Я пустился во все тяжкие. Объяснил, что колеса – почти как катки, но только с палкой в центре, рассказал, какая польза может быть от тачки, и начал рисовать это приспособление. Но Кох заявила, что у них уже есть подобные штуки, и послала Пингвиниху за одной из них. Я растерялся. Карлица принесла маленького желтого ягуара, сделанного из дерева, и я увидел на каждой лапе по вполне приемлемому колесику. Оказалось, такие игрушки очень популярны у элиты, но их не разрешается выносить из дома. Насколько я понял, запрет этот вводился не из опасений, что народ сообразит, насколько облегчат трудовую жизнь эти приспособления, а потому, что кто-то сможет воссоздать их и использовать, дабы завоевать почитателей.

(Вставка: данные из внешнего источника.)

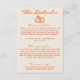 Information om bröllop-gästinformation om enkel och snyggt återfyllnadsfärg. Med en grumlig bakgrund och orange textlayout med vita ord. Och handritade bröllopsringar och handskriven information. Och rosa funk bakgrund med orange vismisk text på baksidan. All information är anpassade som webbplats, transport, logi. Ta den tillsammans med andra produkter från denna klassade hand som tillverkades av retro bröllop-svit.
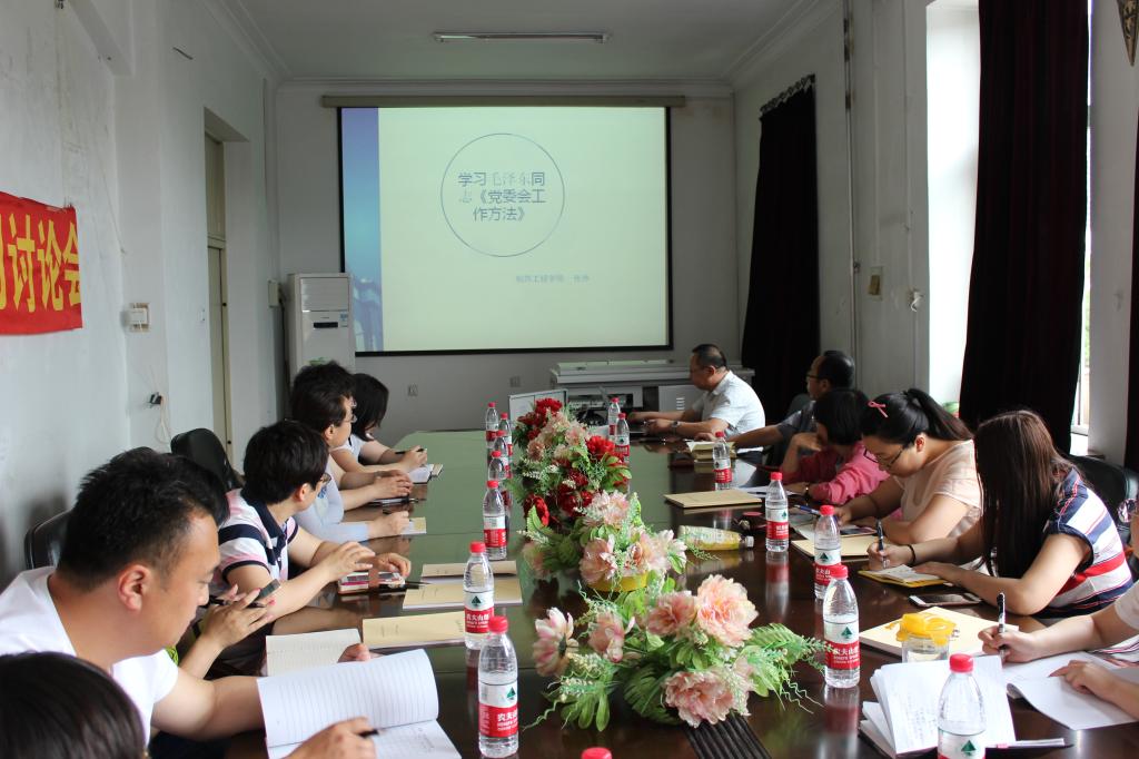 会议首先传达了学校党委《意见》精神,然后按照专题一的要求进行了集中学习讨论。张伟书记结合自己的学习体会,以PPT的形式,做中心发言,交流了学习毛泽东同志《党委会的工作方法》、《中国共产党党组工作条例(试行)》、《中国共产党普通高等学校基层组织工作条例》等的体会。在学习《党委会的工作方法》中,张伟从时代背景、内容解读、重大意义、工作要求等四个方面交流了学习体会;在学习《中国共产党党组工作条例(试行)》中,张伟从背景和意义、简要解读与释疑、条例目录等三个方面交流了学习体会;在学习《中国共产党普通高等学校基层组织工作条例》中,张伟以“以改革创新精神推进高校基层党建工作”为题,从条例出台的背景和特点、修订后条例的几大特点、贯彻落实条例的几点思考等三个方面交流了学习体会。通过学习讨论,与会人员对有关党规有了进一步深刻认识,表示在今后基层党建工作中一定要认真贯彻落实。
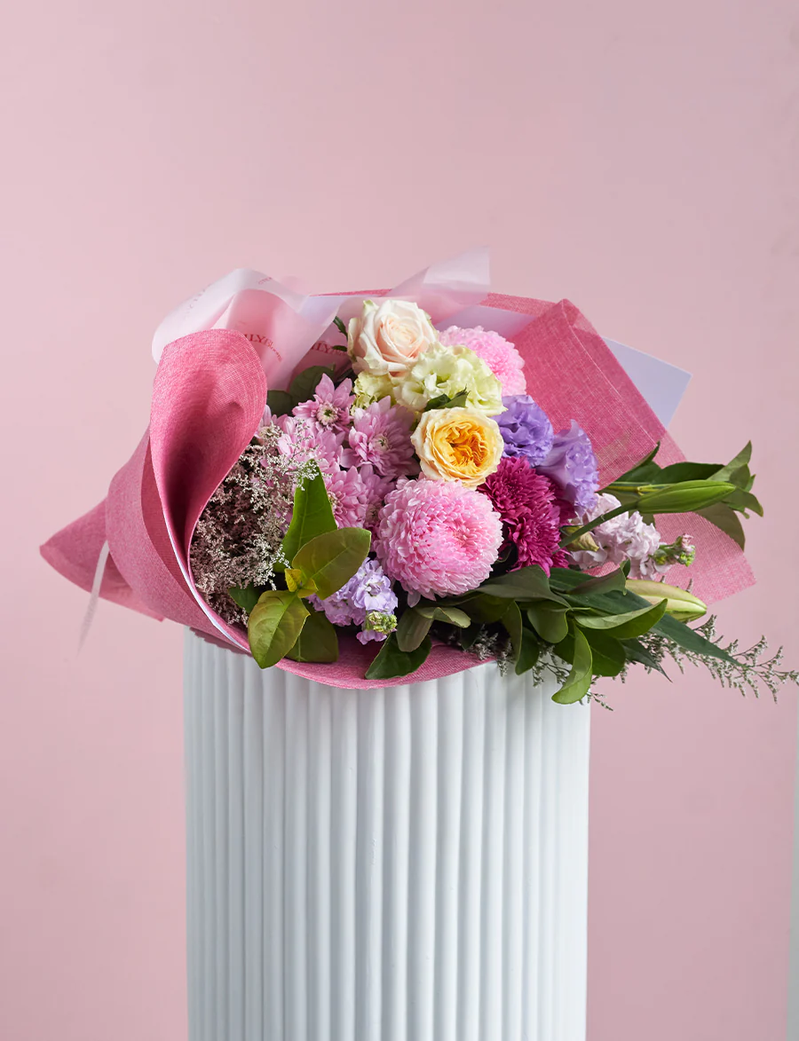 Each Radiant Luxe bouquet is thoughtfully wrapped in pink hessian, layered with premium paper and Daily Blooms tissue, tied with ribbon, and includes a gift card for your personal message.

Вдруг этот проныра отправится в другой город, поразит всех «своим» изобретением, зарекомендует себя великим колдуном и в конечном счете создаст немало проблем для аристократии? Если колесо станет объектом культового почитания, вокруг него возникнет новый орден, как, скажем, вокруг ножа, огня или тщательно охраняемого секрета вогнутого зеркала… и, конечно, снадобья для игры. Кроме того, сказала Кох (и тут я передаю ее слова в свободном изложении), сегодня вокруг столько круглодомников, что в тачках нет нужды. Если требуется перетащить что-то тяжелое – собери побольше плебса, и проблема решена.

Как ни велико было разочарование, но я оставил эту тему. Вспомнился случай: однажды я подвозил в Нью-Хейвен одну девицу – этакую расфуфыренную городскую штучку – и пошутил, что ей нужно научиться водить машину.

– Что, если бы я не подвернулся тебе сегодня? – спросил я.

– Позвонила бы другому парню, – не растерялась она. – Он бы меня подкинул, а я за это дала бы ему.

Ладно, забудем о колесах для перевозок. Как насчет гончарного круга?

И я опять бросился с места в карьер. Дело в том, что, если уж откровенно, посуда в Мезоамерике при всей красоте рисунков была довольно корявой формы. Тот, кто сделал бы идеально круглую чашу, произвел бы сенсацию. Но у Кох имелось аналогичное возражение. Синоды, по ее мнению, объявят умельца колдуном, наделенным сверхъестественной силой. И немедленно пошлют людей, чтобы избавиться от него. Ну а если все утрясется и посуда с гончарного круга войдет в обиход, это обречет тысячи семей горшечников на голод, поскольку они не сумеют сразу освоить новый способ. Я думаю, та же причина мешала нам (я имею в виду майя, теотиуакан или любую другую мезоамериканскую цивилизацию) стрелять из луков, хотя Длинноростки и использовали их. Похожая логика лежала в основе самурайского культа меча – Токугава [669]669
  Токугава Иэясу (1542–1616) – основатель династии сегунов.


[Закрыть]
предвещал, что с появлением в Японии стрелкового оружия будет потрясена вся властная структура, даже если сегунат первым завладеет им. Поэтому он и его наследники конфисковали ружья, изгнали португальских торговцев из большей части страны и почти сто пятьдесят лет держали страну в максимальной отсталости.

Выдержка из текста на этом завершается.